In thinking about small organizations (like Last Mile Health) that are in the trenches with remote communities that trust them, and large organizations such as Doctors Without Borders (MSF) that run multi-country efforts to treat Ebola patients, the vital and complementary role of each is evident. A community-based response in tandem with efforts of larger INGOs (and National Ministries) is necessary to achieve the scale, reach, and implementation of procedures required to halt the epidemic.
Second, I had not fully appreciated the existence of a domino effect of consequences in the wake of the epidemic. We have all likely heard about non-Ebola health centers shutting down and children dying from malaria, pneumonia or diarrhea and women dying in childbirth as a result. All profoundly tragic, but not surprising. But the ripple effect has unfortunately expanded beyond the health sector. I was unaware that in Sierra Leone for example, children have been out of school since last Spring and some will be missing an entire year of classes.Dr. Imran Mizra described how UNICEF has been remarkably creative, broadcasting school classes on the radio. Still, teachers have not been employed or paid, which is having a drastic impact on their household incomes and food security. Even if Ebola is under control enough so that schools can resume classes, vaccine campaigns have been halted, making schools vulnerable to measles outbreaks. Food security is another major issue—seeds have not arrived at their destinations, labor practices have been disrupted and many farmers have been unable to plant. Thus, a major food crisis could be on the horizon. To make matter worse, we have a population who has been emotionally traumatized, with many people losing multiple family members in a violent, sudden way where they cannot even say goodbye, hold or wash the body according to important cultural rituals. None of these issues can be resolved quickly. These countries will need support for many years to come both to get back on track and especially to avoid sliding back into a civil war.
So, as we read the daily updates and feel a huge sense of relief that the CDC projections for new cases have not materialized, we should also worry that the world will (want to) assume that Ebola is “over” and turn their attention to something else. The emergency response organizations will have to move on to the next emergency—and thank God they do what they do. But will there be enough support for the “Beyond Ebola” phase and sufficient investment in the organizations who are trying to rebuild health systems and address the myriad social and economic consequences that will need support over the long-term?

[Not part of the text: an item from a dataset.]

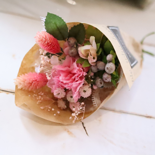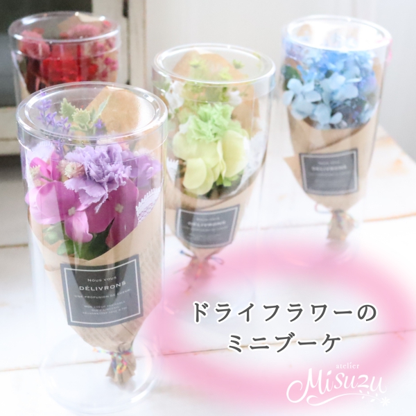 お手入れ不要!大人気のドライフラワーを使用したミニブーケ。ブルー・グリーン・レッド・ライラックピンク・ラベンダー・数量限定のミモザの6色からお選びいただけます。お祝いやお見舞い、サプライズのギフトのちょい足しにもオススメです。ドライフラワーなので花粉の心配もありません。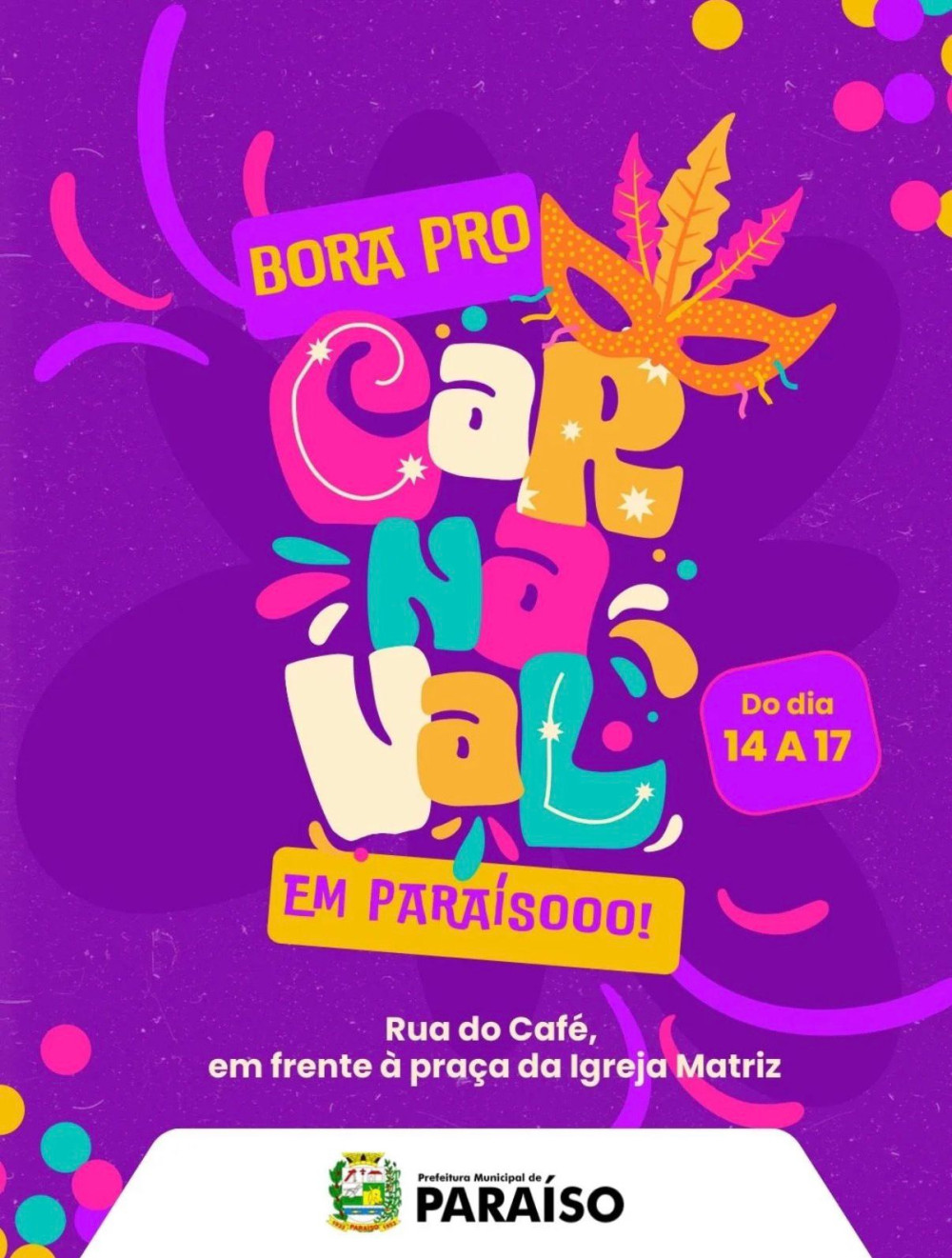 Paraíso em clima de festa!Entre os dias 14 a 17 de fevereiro, a cidade recebe uma programação com música, matinês e muita folia.É cultura, lazer e encontro.Arrasta para o lado para ver a programação.

As Dr. Weintraub concluded, with the level of collegiality and humility seen on the panel we have every reason to believe that in partnership small and large organizations can continue to work together in harmony to strengthen health systems in Ebola-affected countries. With respect to keeping the attention of the world on both the current epidemic and its aftermath, organizations like NEID and other donors are working to keep Ebola in the public eye so that we won’t move on to the next issue while this one still urgently and unambiguously needs our attention.
S. Eliza Petrow is a member of New England International Donors (NEID) and she is also the Director of International Programs at the JC Flowers Foundation in New York, where she directs the foundation’s global health work, particularly in the area of community based malaria programs in sub-Saharan Africa.
This blog is reposted from the NEID website.